We further investigated the performance of the numeric checker. The number of instances marked as inconsistent by the two approaches is summarized in Table 9. The stricter, NER-based numeric checker flagged 4,027 (17.33%) instances as inconsistent, while the token-based checker flagged only 1,390 (5.98%) of instances as inconsistent.

The normalization process is heavily influenced by the style preferred by pharmacists coding the normalization rules. Since the preferred style of the team that generated the original reference differed from the expert pharmacists in our team, the original reference data were themselves not normalized. This led to a reduction in BLEU scores when normalization was added (cf. Table 8).

To understand the upper bound of our trained models, we created a normalized version of the reference corpus. Using this as gold reference, the original reference corpus has a BLEU score of 82.48, and that of the PharmMT system was 62.68 (see Table 10). The table also shows the ratio of test instances that are normalized, to indicate how close the output is to the normalization rules: the lower the ratio, the closer it is. The results indicate that the NMT model learned more latent rules from the train data set than the hand-crafted normalization rules, while having a higher BLEU score.

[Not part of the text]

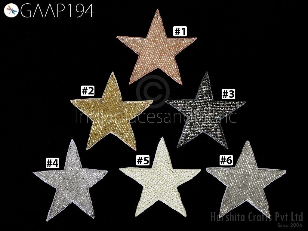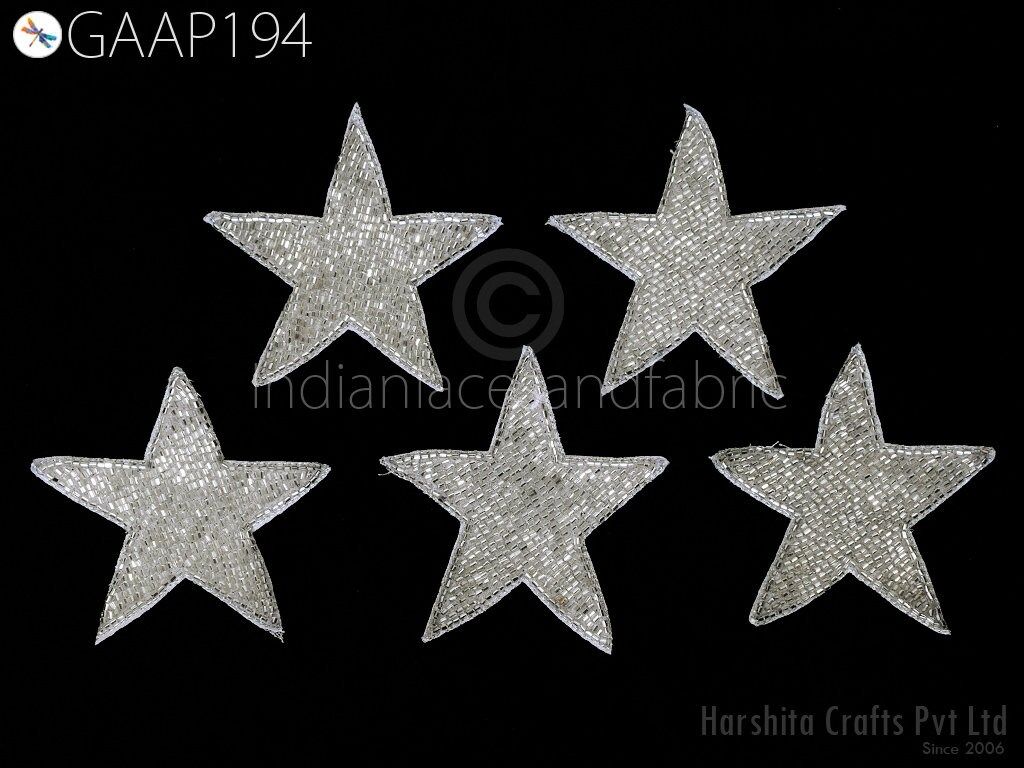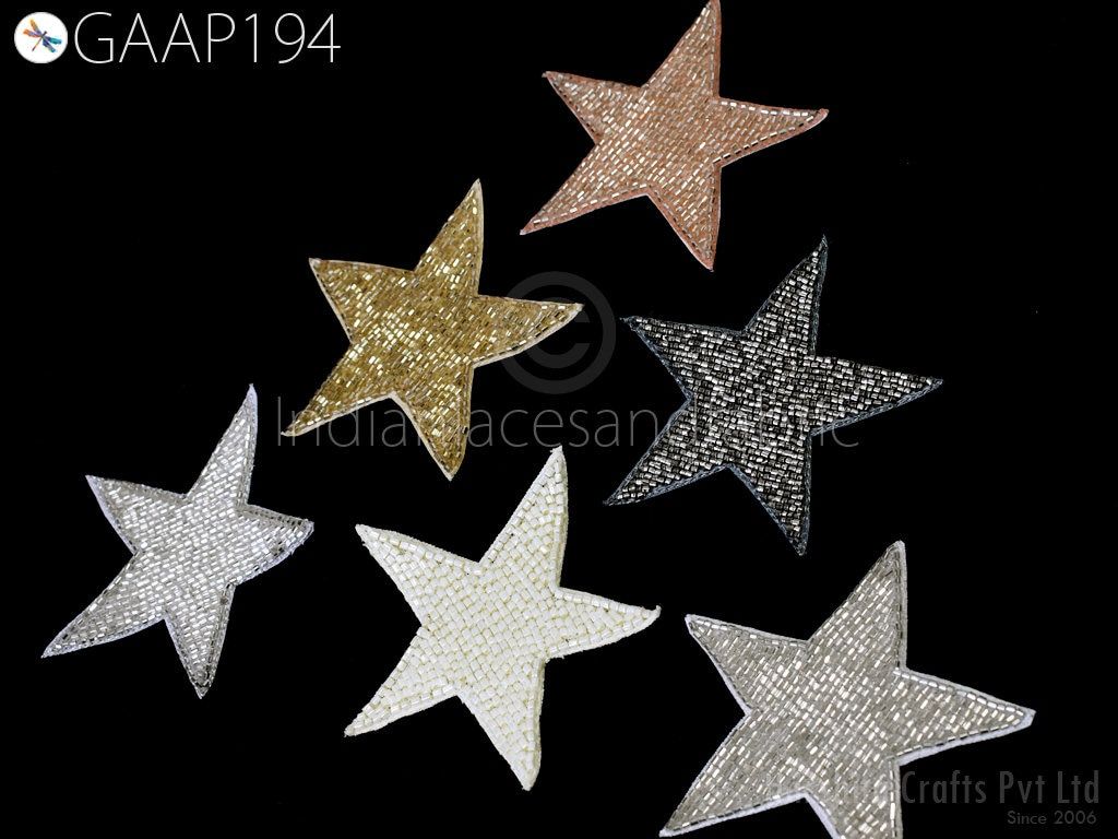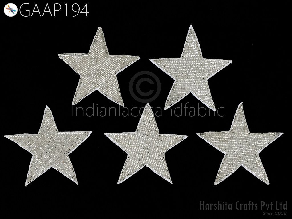 White Beaded Star Appliques: Indian Embroidery Patches (Set of 6)

Automated metrics such as BLEU and METEOR can only evaluate the translation results using a linguistic, token-level approach, but fail to capture the nuanced semantic-level information. However, in prescription directions, different words contain unequal useful information, and hence should be re-weighted during the evaluation process. As we noted in Sec. 3.2, consistency of key information is vital for patient safety. For example, in the translation shown in bottom of Table 6, both machine translation outputs NMT₁ and NMT₂ have only one token different from the reference. But, NMT₁ is labeled as ‘Correct’ in the manual evaluation while NMT₂ is labeled as ‘Wrong’ because of a serious error on dosage. However, both translations got similar BLEU and METEOR scores. In the future, we will focus on improving information consistency while maintaining high model performance.